Short answers, pulled from the story.
A real number is a number that can measure a continuous one-dimensional quantity such as a length, duration, or temperature. Every real number can be almost uniquely represented by an infinite decimal expansion, and real numbers include both the rational numbers and the irrational numbers.
René Descartes introduced the adjective real in the 17th century to describe the roots of a polynomial and to distinguish such numbers from imaginary numbers, like the square roots of negative numbers.
Rational real numbers, such as integers and fractions, can be written as a ratio of two integers, while irrational real numbers cannot. The square root of 2 is irrational, a fact the Greeks under Pythagoras realized around 500 BC.
Dedekind completeness states that every non-empty set of real numbers with an upper bound has a least upper bound. This property distinguishes the real numbers from the rational numbers, since the rationals below the square root of 2 have no least rational upper bound.

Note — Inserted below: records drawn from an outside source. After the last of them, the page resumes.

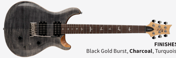
FINISHES: Black Gold Burst, Charcoal , Turquoise

Maple top with flame maple veneer, shallow violin carve, mahogany back, 25" scale length, 24 fret maple neck, rosewood fretboard, bird inlays, PRS patented molded tremolo, 85/15 "S" treble & bass pickups, volume & push/pull tone controls with 3-way blade pickup switch, PRS-Designed tuners, nickel hardware, gig bag • Neck profile: wide thin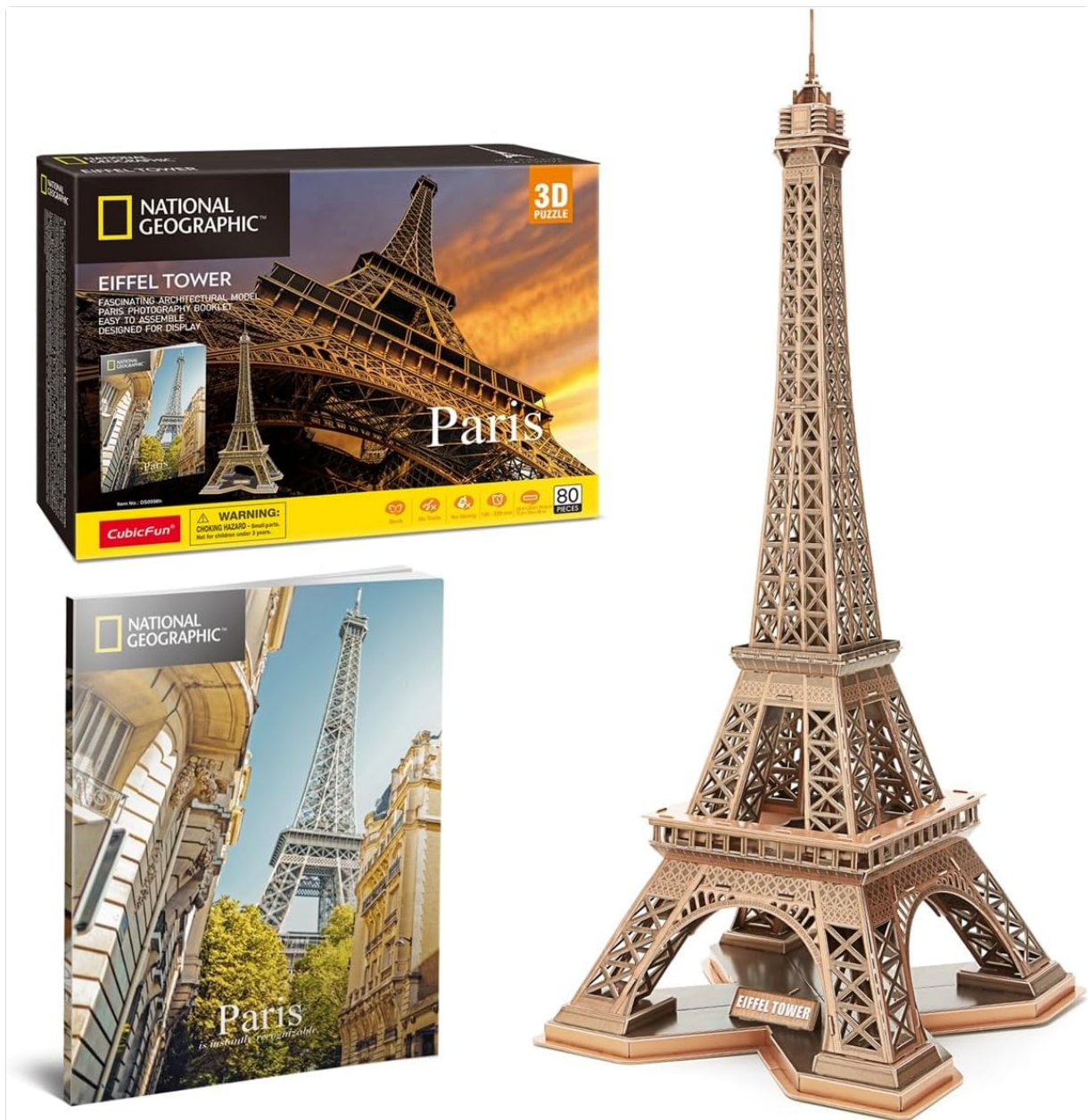
Image 3.2: The complete set including the puzzle box, the National Geographic booklet, and the fully assembled Eiffel Tower model.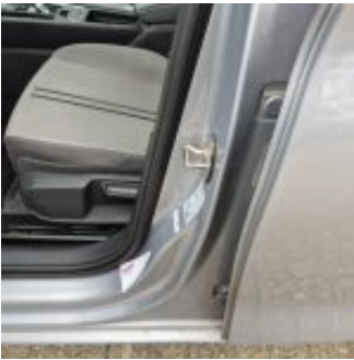
Damage Part Skirt - Left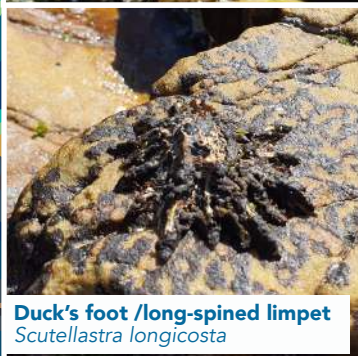
Duck's foot /long-spined limpet Scutellastra longicosta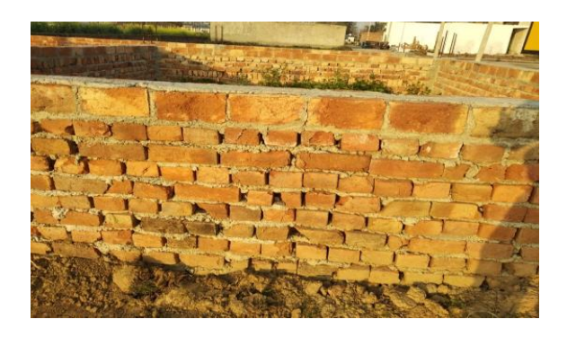
Fig 5- Wall with bonding cracks

Such kinds of structures are venerable for earthquakes, flood and other natural calamities, which may cause fatal accidents. They have no facilities for testing the quality of bricks such as, crushing strength, water absorption and efflorescence etc.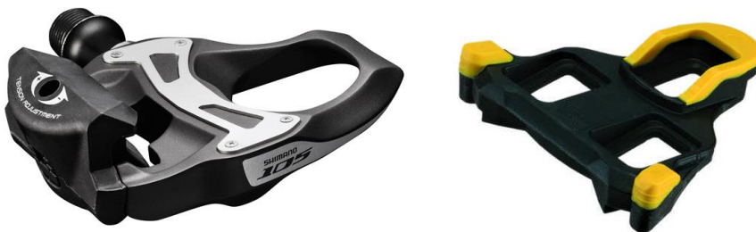
SPD-SL Shimano Pedaling System for road racing bikes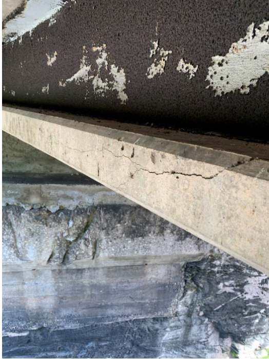
Photograph 5 – Corrosion of girders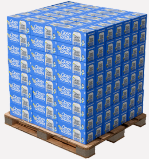
FULL PALLET $2,160/pallet, $12.00/case (180 cases @ $1.00 per can)

The set of all real numbers is uncountable, meaning no one-to-one function maps the reals to the natural numbers. Cantor showed in 1874 that the reals are uncountably infinite while the algebraic numbers are only countably infinite.
Two independent definitions were published in 1872, one by Richard Dedekind as Dedekind cuts and one by Georg Cantor as equivalence classes of Cauchy sequences. Dedekind had begun this work in 1858, and Cauchy had already made calculus rigorous in his Cours d'Analyse of 1821 without defining the reals.
Finite computers cannot store infinitely many digits, so they use finite-precision approximations called floating-point numbers, often a 64-bit representation with around 16 decimal digits of precision. Because there are only countably many algorithms but uncountably many reals, almost all real numbers are not even computable.